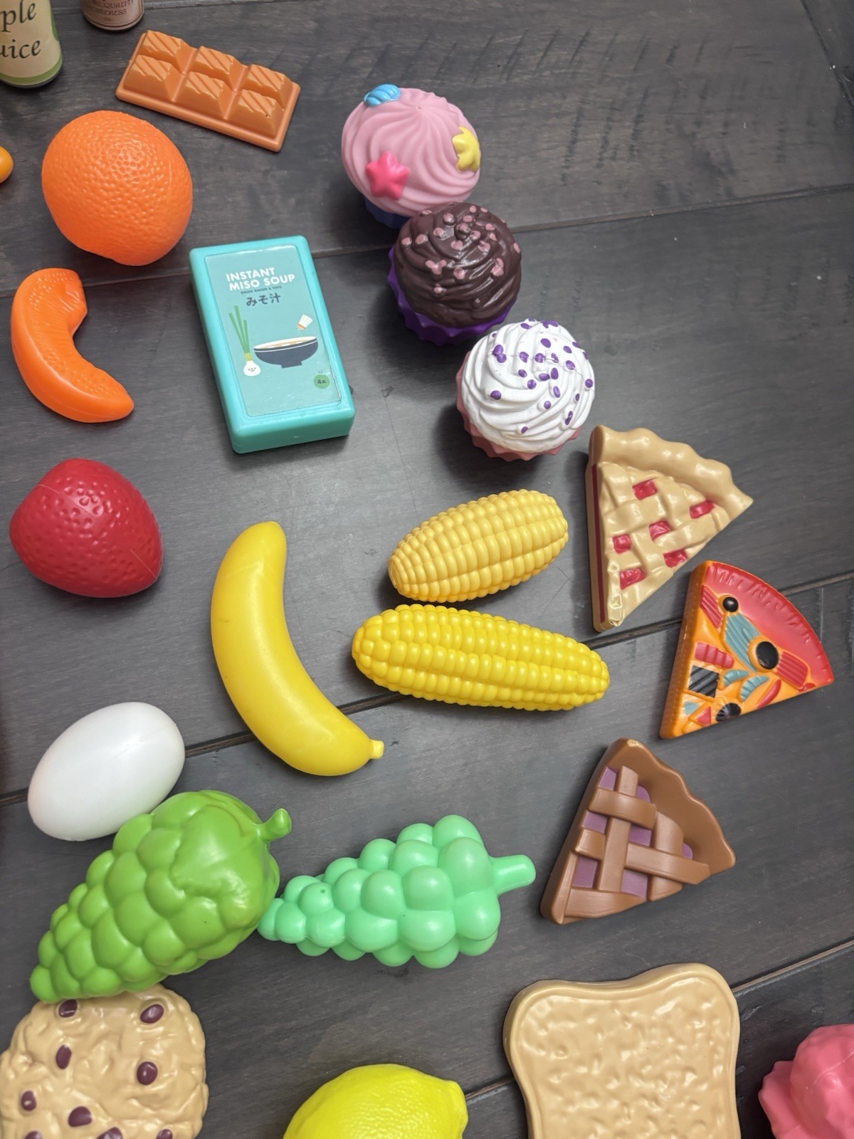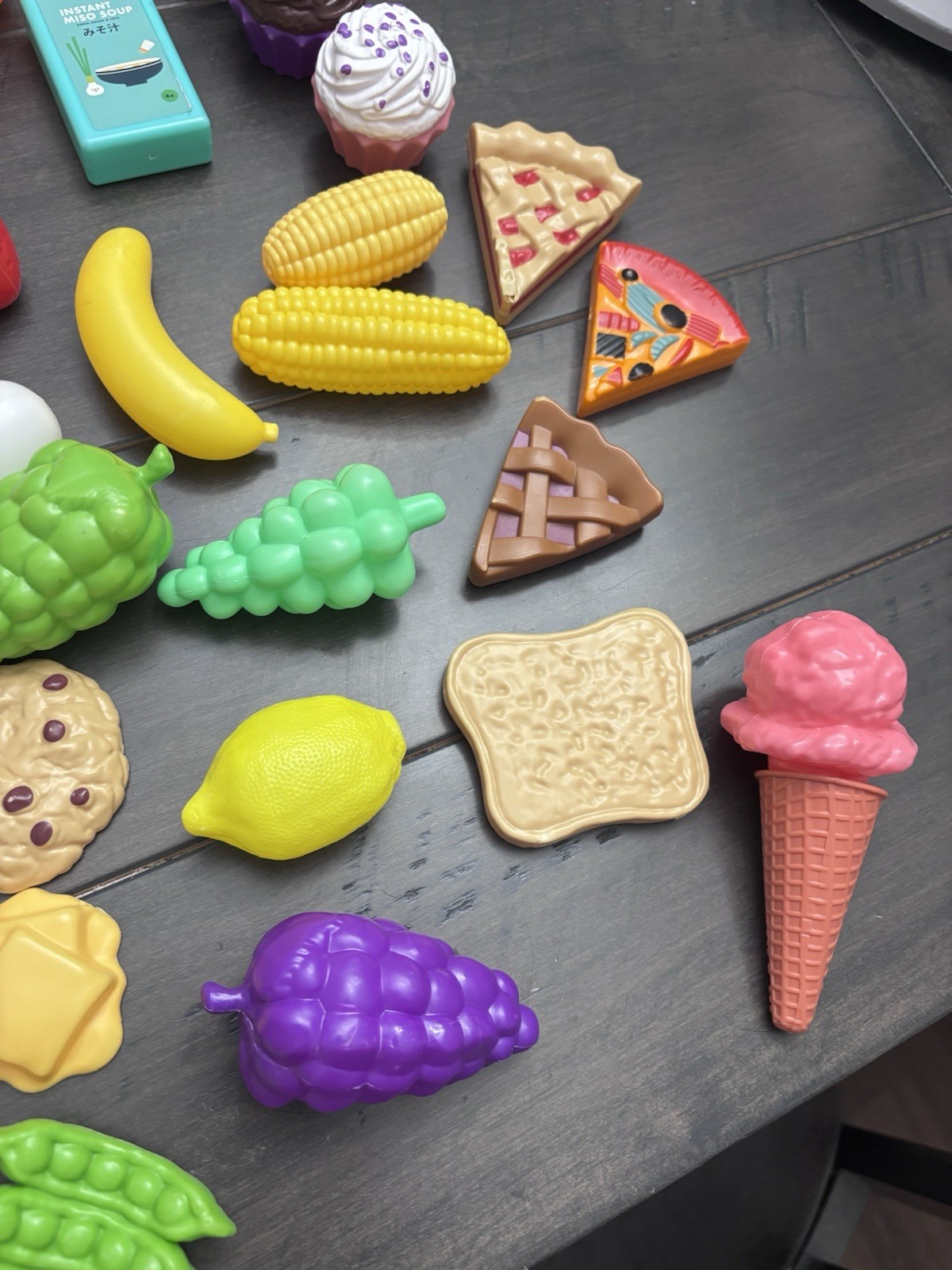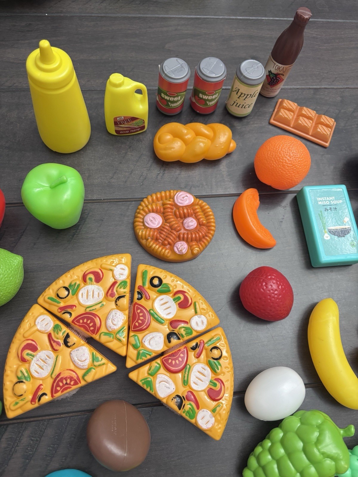 Lot of 53 Pieces Pretend Play Food Fruits Vegetables Plastic Pizza Pie Ice Cream
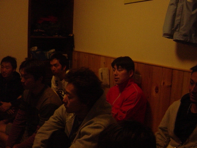 中国合宿1日目ゴホゴホ咳が・・・。それはともかく、今日 合宿 1日目を無事終了しました。いや~ 今シーズン初めての雪上トレーニングと言うこともあり、結構 足元がフラフラで・・・滑走感覚的には、カービングローラーのお蔭で問題は無かったのですがあまりにも、操作方法に間違いがあり 今日の合宿中に一樹さんより指摘のオンパレードでした。(いや~困った。)ミーティング風景です。明日は頑張るしかない。
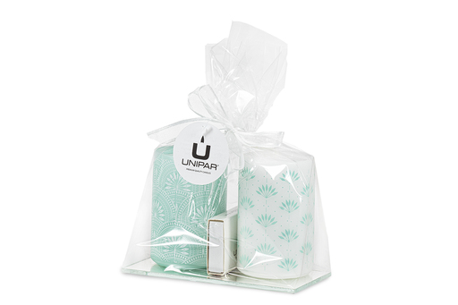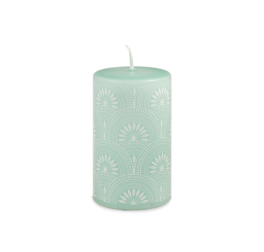 Krásná tyrkysová svíčka s dekorem velkých bílých květinových vějířků vás krásně naladí na přicházející teplé dny.
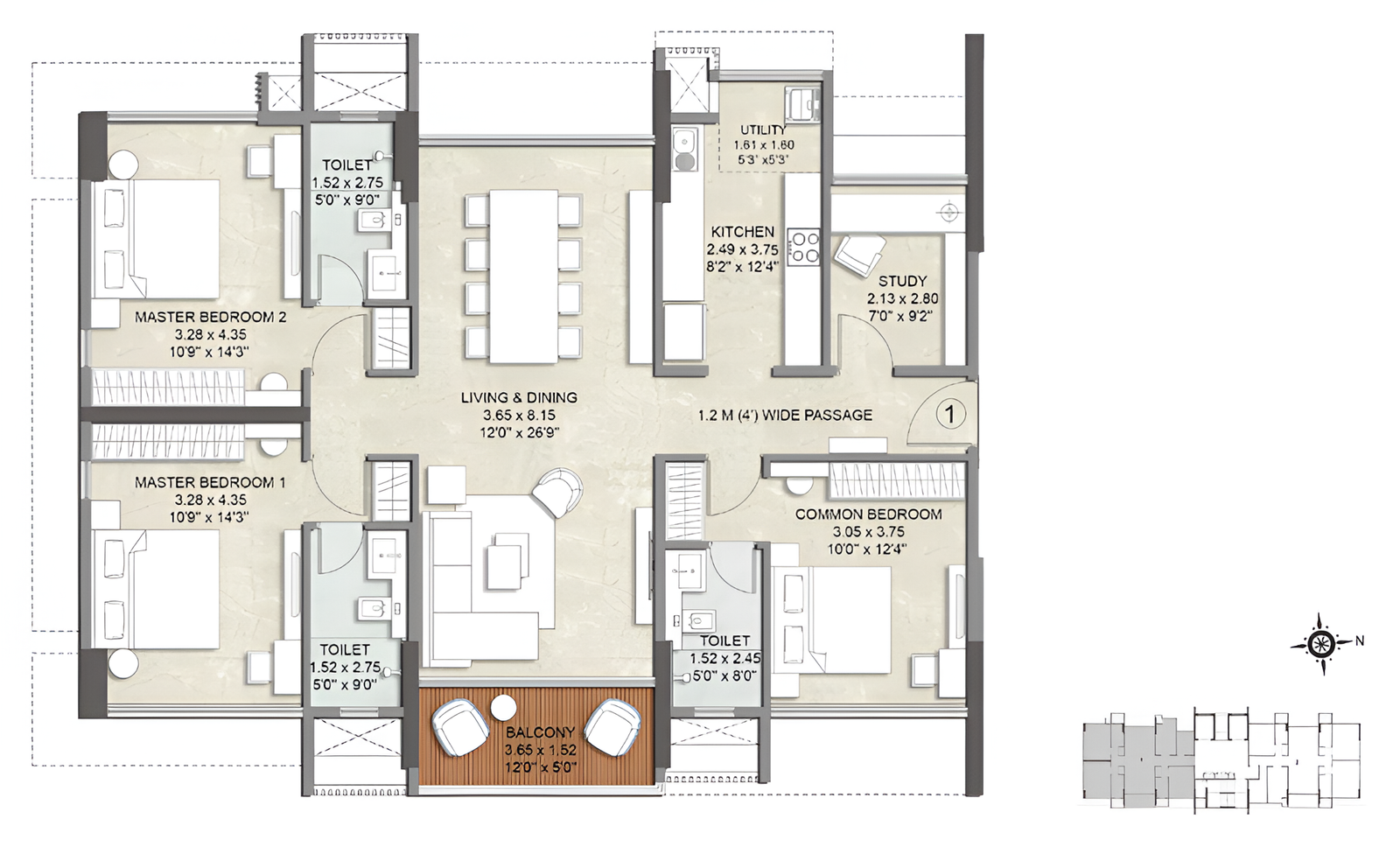 Spacious 3.5 BHK residences with private decks for enhanced indoor–outdoor living
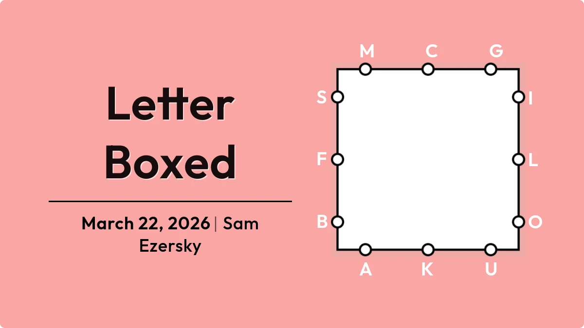 22 March, 2026 Letter Boxed Answers. We solved this puzzle for you. You may start to form words, in whichever direction you prefer enough that you form:

◇ ◇ ◇ ◇ ◇ ◇ ◇

Whatever lies between the first line of the data and the line holding "中国合宿1日目ゴホゴホ咳が・・・。それはともかく、今日 合宿 1日目を無事終了しました。いや~", inclusive, should be repeated exactly, apart from the pictures.

● **WRITTEN ANSWER**
 Lot of 53 Pieces Pretend Play Food Fruits Vegetables Plastic Pizza Pie Ice Cream
 中国合宿1日目ゴホゴホ咳が・・・。それはともかく、今日 合宿 1日目を無事終了しました。いや~ 今シーズン初めての雪上トレーニングと言うこともあり、結構 足元がフラフラで・・・滑走感覚的には、カービングローラーのお蔭で問題は無かったのですがあまりにも、操作方法に間違いがあり 今日の合宿中に一樹さんより指摘のオンパレードでした。(いや~困った。)ミーティング風景です。明日は頑張るしかない。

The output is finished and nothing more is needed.